Zijie Wang; Liu Long; Yunwen Lang; Yuanxia Ji; Jie Xie; Shaokun Lu

doi:10.1117/12.2661786

28 December 2022 A deep learning based online classroom fatigue monitoring system for students

Zijie Wang, Liu Long, Yunwen Lang, Yuanxia Ji, Jie Xie, Shaokun Lu

Author Affiliations +

Proceedings Volume 12506, Third International Conference on Computer Science and Communication Technology (ICCSCT 2022); 125066K (2022) https://doi.org/10.1117/12.2661786
Event: International Conference on Computer Science and Communication Technology (ICCSCT 2022), 2022, Beijing, China

Abstract

To effectively monitor students’ online classroom fatigue, this paper uses the improved YOLOv5s target detection model and the Dlib library to detect students’ classroom fatigue. First, the improved YOLOv5s face detection model is used to detect faces instead of the detection model in Dlib, and then the detected face images are input to the official open source Dlib library, and key parts of students’ mouths, eyes and heads are extracted using 68 face key point detectors. Then the student’s visual localization and facial features are fused, followed by the PERCLOS algorithm to give the new metrics EAR (eye aspect ratio) and MAR (mouth aspect ratio) of the student’s subject fatigue. The EAR, MAR and HPE (Human Posture Estimation) algorithms are also combined to calculate the student’s eye area, mouth area and head posture parameters. Finally, according to the set thresholds, students are detected and alerted to fatigue from three indicators: blinking frequency, yawning frequency and nodding drowsiness frequency. The proposed method is an effective method for monitoring students’ online classroom fatigue.

1. INTRODUCTION

The Ministry of Education of the People’s Republic of China put forward the concept that classes are closed but education and learning do not stop. The purpose of this concept is to enable students to learn even under the new crown pneumonia epidemic. Due to the nature of online learning, which cannot be monitored in real time, there is often a phenomenon that students’ fatigue increases gradually with the length of teaching and the information on students’ fatigue cannot be fed back to teachers in time, which seriously affects students’ absorption of knowledge and also leads to low teaching quality of teachers. To address this situation, it is necessary to monitor students’ fatigue level in online teaching, so as to monitor students’ listening status and remind them of their fatigue in time. In addition to this, accurate and timely feedback to the teacher on each student’s listening status will also help the teacher to adjust the teaching style in a timely manner, thereby improving the quality of the lesson.

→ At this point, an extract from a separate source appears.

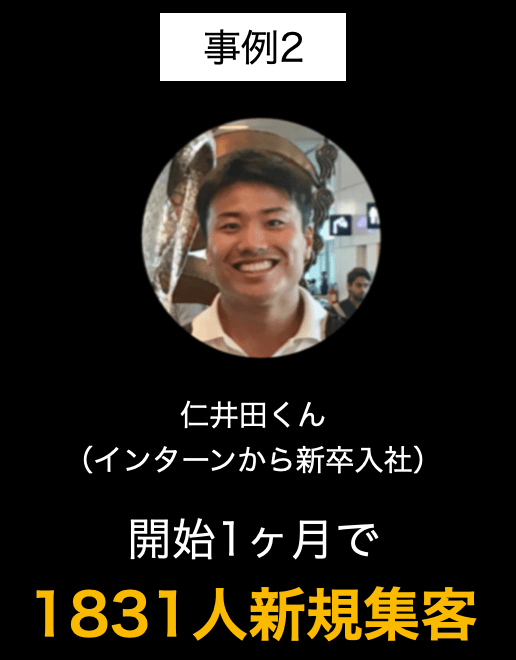 そして、これがウチに入ってきて間もない新人でも、すぐに成果を出せる理由で、本当に成果が出るものだけを厳選して、新人にやってもらっているから、業界未経験の新入社員でもすぐ成果をだすことができます。(事実、前職が“学校の先生”や“栄養士”など、全く関係ない業界から転職した人や、社会人経験のない学生でも、1ヶ月、2ヶ月、3ヶ月という短期間で成果をだしています)この公式に沿って、実践するだけなので、身につけないといけないことが本当に少ないんです。

2. YOLOV5S AND IMPROVEMENT METHODS

2.1

YOLOv5s model

The Yolo target detection algorithm uses convolutional neural networks to regress the location of the target and get the category, enabling end-to-end real-time target detection with faster speed and generalization. Compared with the traditional detection methods in Dlib, Yolo has better robustness, smaller model size, and can better meet the real-time requirements, which makes it more suitable for applications in online network environment¹.

YOLOV5s target detection model consists of four parts. (i) Backbone network, which serves to extract the image features; (ii) Head detection head, which serves to predict the target frame and predict the class of the target; (iii) Neck layer between the backbone network and the detection head; and (iv) Prediction layer that outputs the detection results and predicts the target detection frame and label class².

2.2

Improvement methods

2.2.1

Improvement of Data Processing.

In this paper, there are two main improvements in data processing: data increment and label smoothing. Increasing the amount of data can prevent overfitting and improve the generalization ability of the model. Robustness is an important index to evaluate the stability of the system, so noise is added appropriately. The datasets in the experiment are from the COCO dataset and web crawler respectively, and the combined two parts of the dataset are expanded and enhanced using image enhancement techniques to improve the recognition accuracy. From the perspective of preventing overfitting, label smoothing is also a regularization method that can effectively prevent overfitting and can make the recognition accuracy of the system on the test set close to the recognition accuracy of the system in the real environment and improve the generalization ability of the system.

2.2.2

Improvement of Loss Function.

GIoU is used as the loss function of the Yolov5s detection model, as shown in equation (1).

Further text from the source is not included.